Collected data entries
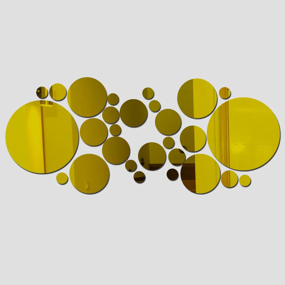 28 шт.компл. из круглое декоративное зеркало наклеек на стену украшение спальни гостиной акриловая комбинация зеркальные наклейки на стену
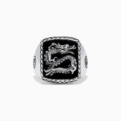 Effy Men's 925 Sterling Silver Onyx Dragon Dog Tag Pendant, 21.50 TCW
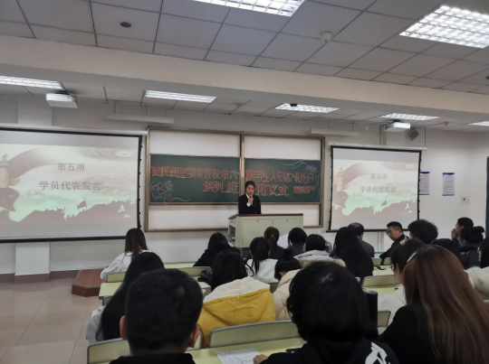 张艺渲同学代表全体学员向党校表明了决心。《学员守则》和培训安排也让大家明确了应该遵守的规章制度和本次培训班的学习计划。希望全体学员在培训期间能严格要求自己,克服时间上、精力上的困难,真正学到知识、达到培训目的,增强党性修养,力争以优异的成绩圆满地完成各项学习任务,取得培训与专业学习上的双丰收。
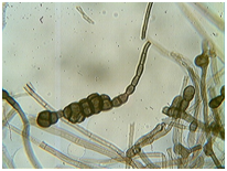 Colony olivaceous, brown, conidiophores macronematous, septate, sporogenous cell bears on top of conidiophores, 40- 156μm long and 4-7μm wide. Conidiophores simple, sptate, hyaline. Conidia small, simple, catenulate, only one longitudinal septa over single transverse septa, 6-11μm×4-9μm.
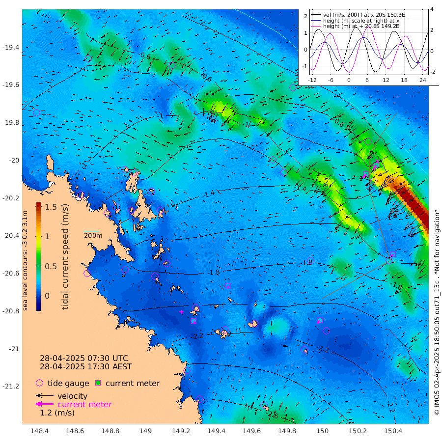 22cm/s 165T +10cm/s rms + 2cm/s 5T. Brampton I 18m 17cm/s -169T +9cm/s rms + 6cm/s 66T. Wigton I 38m 27cm/s -146T +7cm/s rms + 8cm/s 141T. Tern I 47m 40cm/s -149T +7cm/s rms + 12cm/s 54T. N Bugatti Rf 64m 37cm/s -136T +3cm/s rms + 13cm/s 178T. W Bugatti Rf 70m 22cm/s -131T +3cm/s rms + 3cm/s -130T. Creal Rf 69m -91cm Holbourne I -221cm Tern I -102cm Bugatti Rf -151cm Creal Rf -67cm White Tip I -78cm Wallaby Reef -63cm Kennedy Reef -47cm Unnamed Reef No. 2 -127cm Tideway Reef -114cm Hayman Island -166cm Square Reef -125cm Double Bay -152cm Molle Island -155cm Cid Harbour -123cm Hook Island -139cm Border Island -157cm Haslewood Island -153cm Shute Harbour -193cm Thomas Island -193cm Credlin Reef -218cm East Repulse Island -215cm Blacksmith Island -231cm Laguna Quays -221cm Carlisle Island (Off) -250cm St. Bees Island -223cm Scawfell Island -230cm Penrith Island -262cm Mackay Outer Harbour -277cm Hay Point -265cm Prudhoe Island

EXERCISE OBJECTIVE:
The entries above, without their pictures, should be written out exactly.

THE ANSWER:
 28 шт.компл. из круглое декоративное зеркало наклеек на стену украшение спальни гостиной акриловая комбинация зеркальные наклейки на стену
 Effy Men's 925 Sterling Silver Onyx Dragon Dog Tag Pendant, 21.50 TCW
 张艺渲同学代表全体学员向党校表明了决心。《学员守则》和培训安排也让大家明确了应该遵守的规章制度和本次培训班的学习计划。希望全体学员在培训期间能严格要求自己,克服时间上、精力上的困难,真正学到知识、达到培训目的,增强党性修养,力争以优异的成绩圆满地完成各项学习任务,取得培训与专业学习上的双丰收。
 Colony olivaceous, brown, conidiophores macronematous, septate, sporogenous cell bears on top of conidiophores, 40- 156μm long and 4-7μm wide. Conidiophores simple, sptate, hyaline. Conidia small, simple, catenulate, only one longitudinal septa over single transverse septa, 6-11μm×4-9μm.
 22cm/s 165T +10cm/s rms + 2cm/s 5T. Brampton I 18m 17cm/s -169T +9cm/s rms + 6cm/s 66T. Wigton I 38m 27cm/s -146T +7cm/s rms + 8cm/s 141T. Tern I 47m 40cm/s -149T +7cm/s rms + 12cm/s 54T. N Bugatti Rf 64m 37cm/s -136T +3cm/s rms + 13cm/s 178T. W Bugatti Rf 70m 22cm/s -131T +3cm/s rms + 3cm/s -130T. Creal Rf 69m -91cm Holbourne I -221cm Tern I -102cm Bugatti Rf -151cm Creal Rf -67cm White Tip I -78cm Wallaby Reef -63cm Kennedy Reef -47cm Unnamed Reef No. 2 -127cm Tideway Reef -114cm Hayman Island -166cm Square Reef -125cm Double Bay -152cm Molle Island -155cm Cid Harbour -123cm Hook Island -139cm Border Island -157cm Haslewood Island -153cm Shute Harbour -193cm Thomas Island -193cm Credlin Reef -218cm East Repulse Island -215cm Blacksmith Island -231cm Laguna Quays -221cm Carlisle Island (Off) -250cm St. Bees Island -223cm Scawfell Island -230cm Penrith Island -262cm Mackay Outer Harbour -277cm Hay Point -265cm Prudhoe Island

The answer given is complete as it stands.